Changing risk landscapes
Pulse Clean Energy is an example of how ‘low risk’ investors are becoming comfortable in new energy sectors such as ancillary services markets. It is a far cry from a decade ago when pension funds who took stakes in new energy assets were tentatively investing in well-established large projects, reducing risk by investing alongside major energy incumbents, with long-term power purchase agreements.
Although the CM contract is helpful, Mendes talks about a different type of attraction: fulfilling a need. And he talks about the deconsolidation of the energy industry: “It used to be a handful of coal, gas or nuclear sites … but we see more onshore wind, localised PV and we think that will continue. Assets like this [battery storage] that are placed adjacent to load centres and can help manage the intermittency of those assets – that need will be fundamental, whether it is batteries now or maybe hydrogen in 20 years.”
The deconsolidation he mentions extends to asset management models, with some storage operators, for example, farming out trading, risk management and other functions. Mendes says Pulse’s model will evolve, “but from Green Frog we have some good operations staff and in our organisation we have people with backgrounds in accessing markets and trading, so we are well versed. At the outset it will be partnering with best in class partners.”
We as a company won’t be investing in new-build gas engines
Pulse is far from the only new company offering battery storage in GB and I ask whether he is entering a crowded market. He says commitments don’t match up to what we need. “It feels a bit like that [crowded] because it is a new segment of the market – two years ago there were two players, now there are six or seven. But in reality the need far outstrips what people are doing today.”

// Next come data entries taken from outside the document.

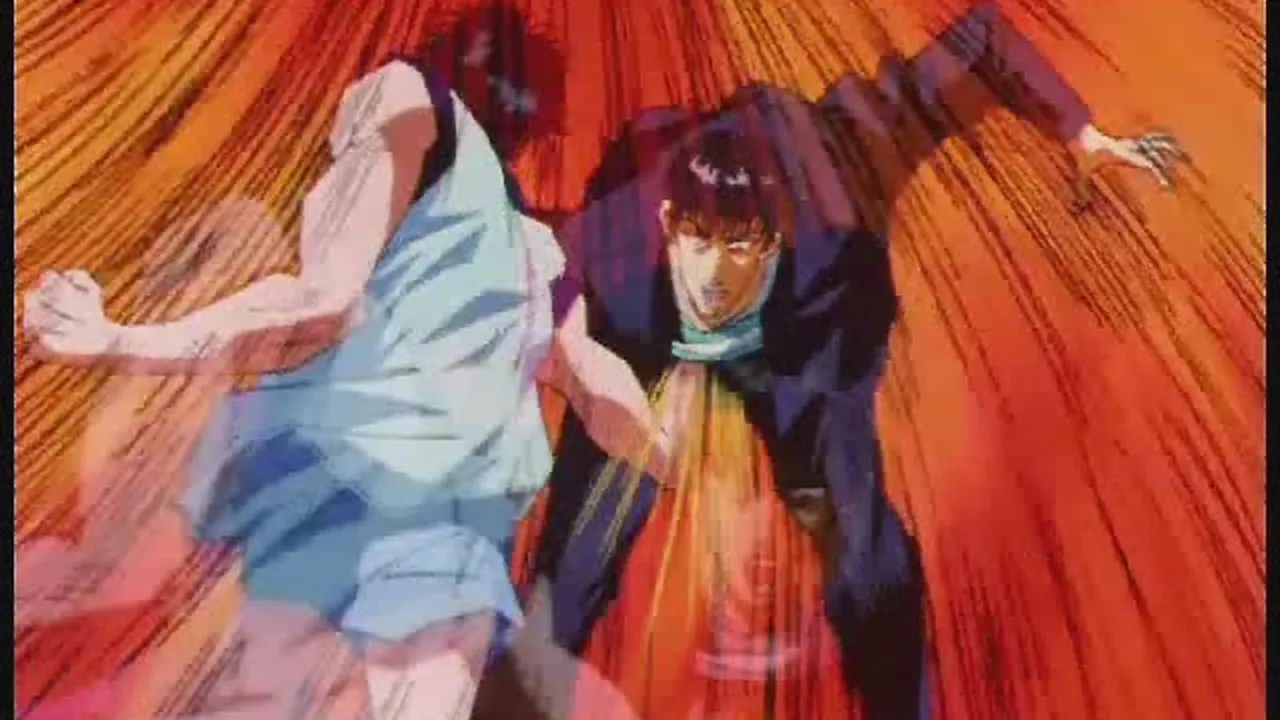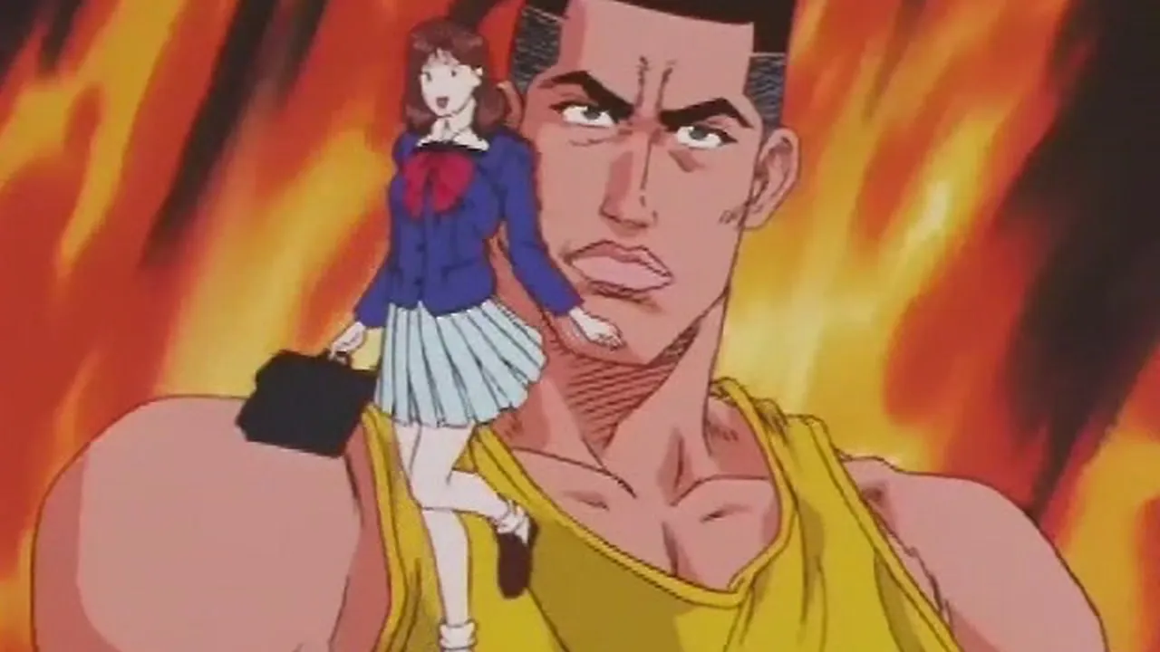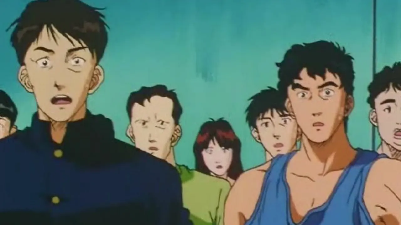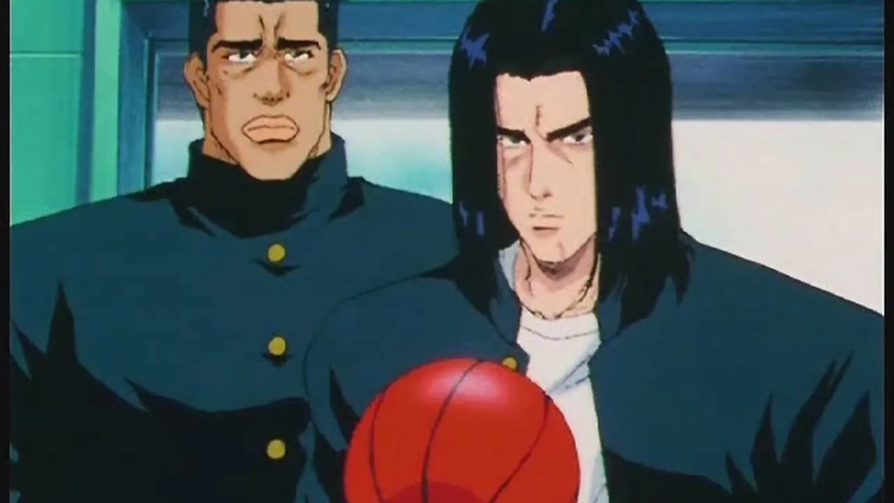 After Ayako was slapped by one of the invading students, Miyagi joined in the fight, as well as Rukawa. However, Tetsuo easily took both of them down. Sakuragi steps up to the plate, outnumbered. Things change when Sakuragi's friends appear in an unlikely fashion.
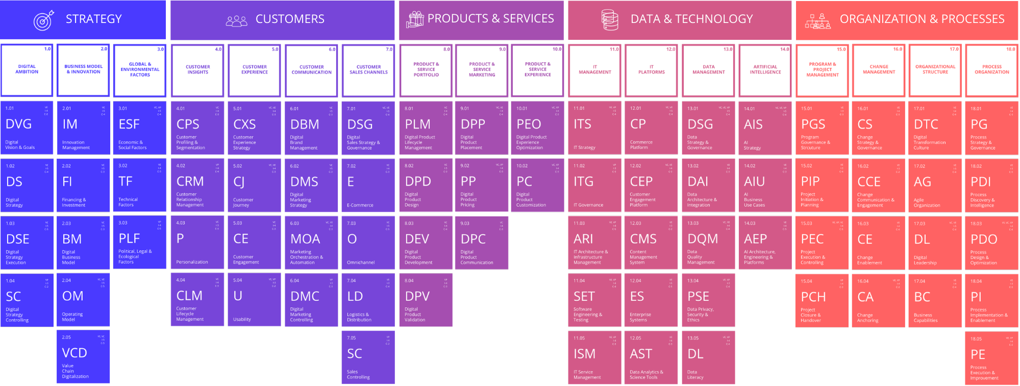 Unser Digital Excellence Framework befähigt Unternehmen, eine klare digitale Vision und konkrete Ziele zu entwickeln, ihren digitalen Reifegrad systematisch zu analysieren und darauf aufbauend eine wirkungsvolle Digitalstrategie abzuleiten und erfolgreich umzusetzen.
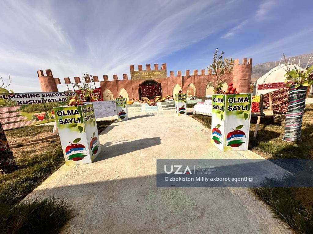 Олма етиштираётган фермерлар, Бойсун давлат ўрмон хўжалиги ва деҳқон хўжаликлари замонавий комплексда турли рангда товланувчи болдек ширин мевалар кўргазмасини ташкил этиб, ўз маҳсулотларини кенг намойиш этмоқда. Шунингдек, мажмуада Бойсуннинг шифобахш гиёҳлари, асал, нок, узум ва бошқа ранг-баранг мевалари, бойсунлик пазандалар тайёрлаган турли таомлар, миллий ҳунармандлик буюмлари ҳам ўрин олган.
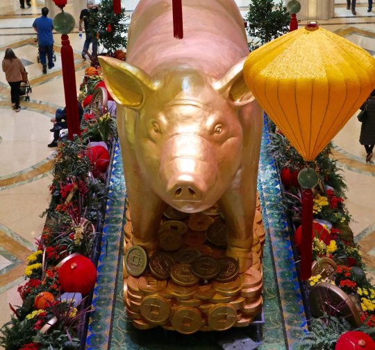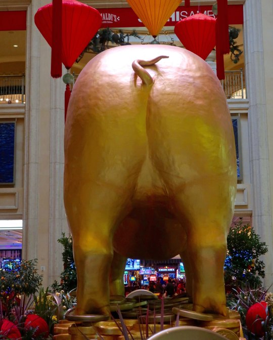 Usually when Peggy and I visit Las Vegas, I do a complete post on the Strip. Not this time. We went downtown to the Venetian Hotel and discovered that it was the Chinese Year of the Pig. The pig shared a room with a Burning Man sculpture that Peggy and I had admired on one of our many trips to the event.
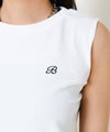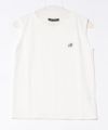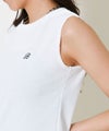 無地のタンクトップに控えめな刺繍がワンポイントで施されており、シンプルながらも程よくおしゃれな印象を演出します。丈の長さも絶妙で、タックインしてもアウトで着てもバランスよく決まります。カジュアルながらも上品さを感じさせるデザインが特徴です。
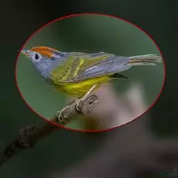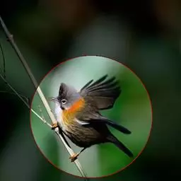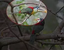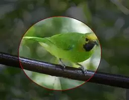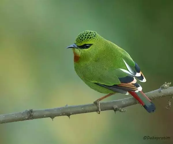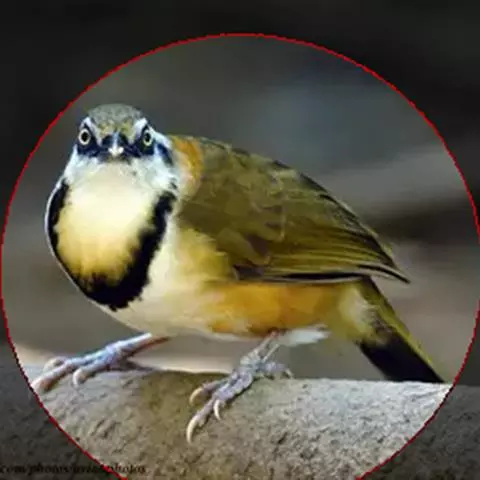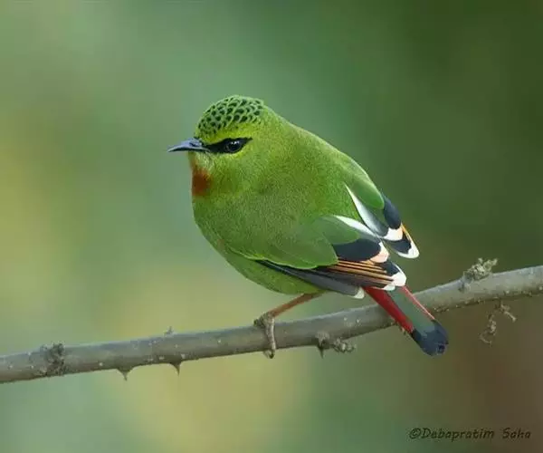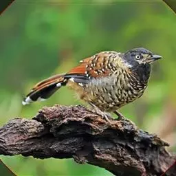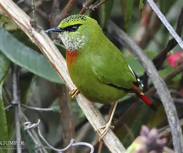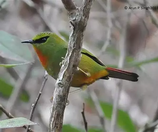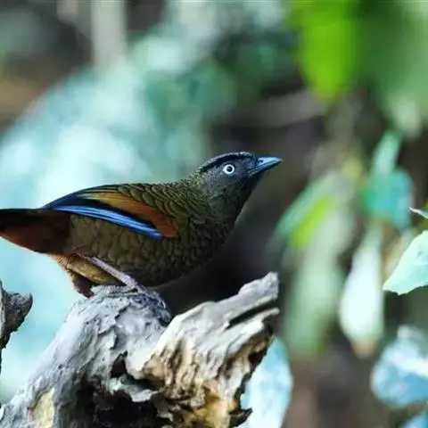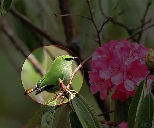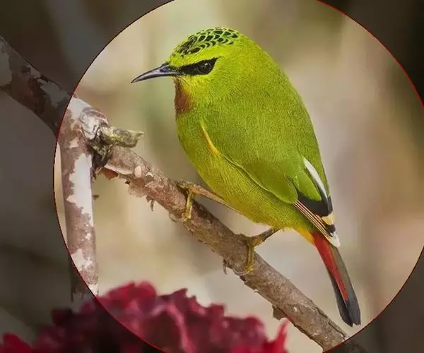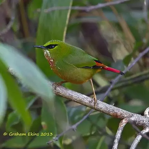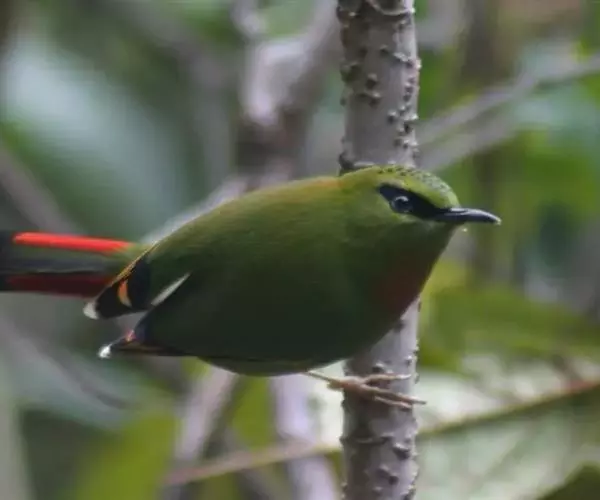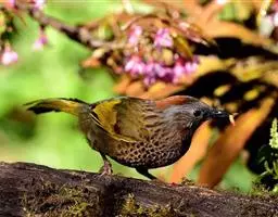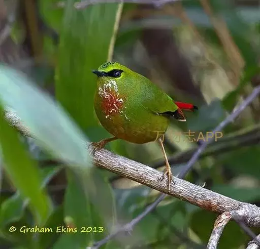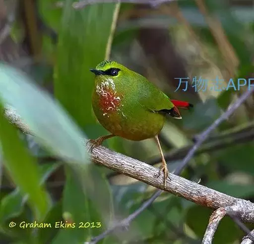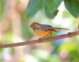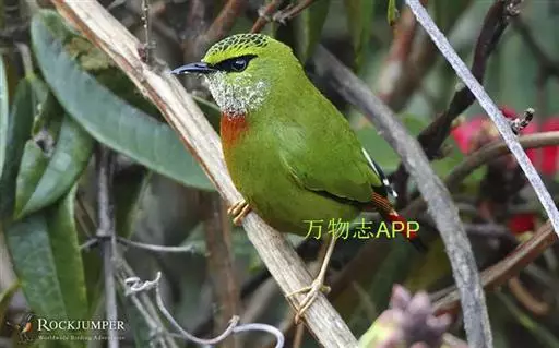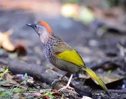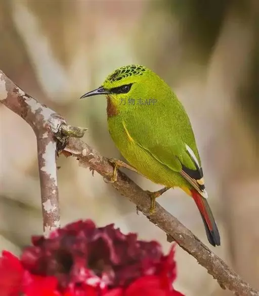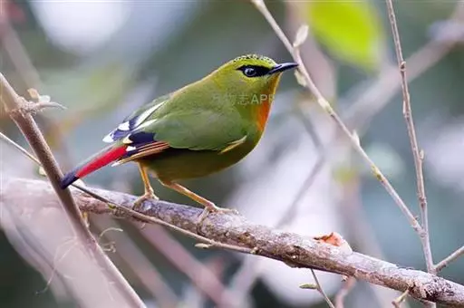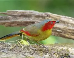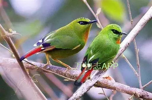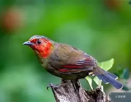 火尾绿鹛(图2) 雄性成鸟:体色一般为有光泽的橄榄黄色,眼先和眼后黑色,眉纹黄绿色;头顶羽毛中央有卵圆形黑斑,构成鳞片状的斑纹;翅上覆羽和尾上覆羽与背部相似,均为橄榄黄色;初级飞羽褐色,外翈深黑色,从第三或第四枚起,端部边缘浅肉黄色,内翈顶端白色;外侧次级飞羽褐色,外翈边缘暗朱红色,向端部渐变为橘黄色和白色,构成朱红色翼镜,最内侧次级飞羽内翈绿色,类似背部,外翈黑色;尾羽暗灰色,顶端微黑色,外翈红色,中央一对尾羽内翈绿色;喉和上胸棕红色;腹部和尾下覆羽棕黄色。 雌性成鸟:与雄鸟相似,但各部羽色较雄体暗些;头顶和背部橄榄绿色;翼镜不为朱红色,而是面积较小的褐黄色;其他各羽片颜色都较雄鸟淡些;翅端白色也较雄鸟面积小;喉部和尾下覆羽淡褐色;下体余部暗绿色微沾黄色。 虹膜红色或红褐色;嘴黑褐色;跗踱肉红色。
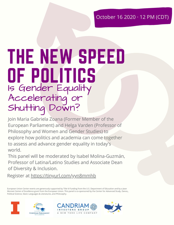This event will bring together in conversation Maria Gabriela Zoana and Helga Varden to explore how politics and academia can come together to assess and advance gender equality in today’s world. Maria Gabriela Zoana is a Romanian Former Member of the European Parliament with expertise on questions of gender equality. Helga Varden is a Professor of Philosophy and Women and Gender Studies at the University of Illinois and a philosopher who has worked on feminism, ethics and law. The panel will be moderated by Isabel Molina-Guzmán, Professor of Latina/Latino Studies and Associate Dean of Diversity & Inclusion, College of Liberal Arts & Sciences at the University of Illinois.

I have seen some companies move up from one hour to longer storage durations. Mendes says for the moment the company is focusing on one-hour batteries but not locked into them longer term. Instead, “It will evolve through time and as battery pricing changes.”
If the company is converting diesel to batteries, where does that leave gas engines? Mendes says, “We as a company won’t be investing in new-build gas engines.”
In an interesting contrast with old-style risks like those discussed above (such as around power offtake certainty), he names risk factors around what will happen to the price of carbon, and new clean energy regulations. He says, “I think it is pretty clear that the government in the UK is focused on materially reducing greenhouse gas emissions and the technology is out there to be able to do that with less of a need for fossil fuels. When it comes to energy security, it changes the dynamics a bit.”
Overall, “straight-up gas engines like we have today, I think in 20 years you won’t see a lot of those around any more,” he says – although he is leaving space for hydrogen gas-fuelled engines in that comment. But he says, “that won’t be us. We will try to figure out what’s next from a technology perspective, rather than looking back.”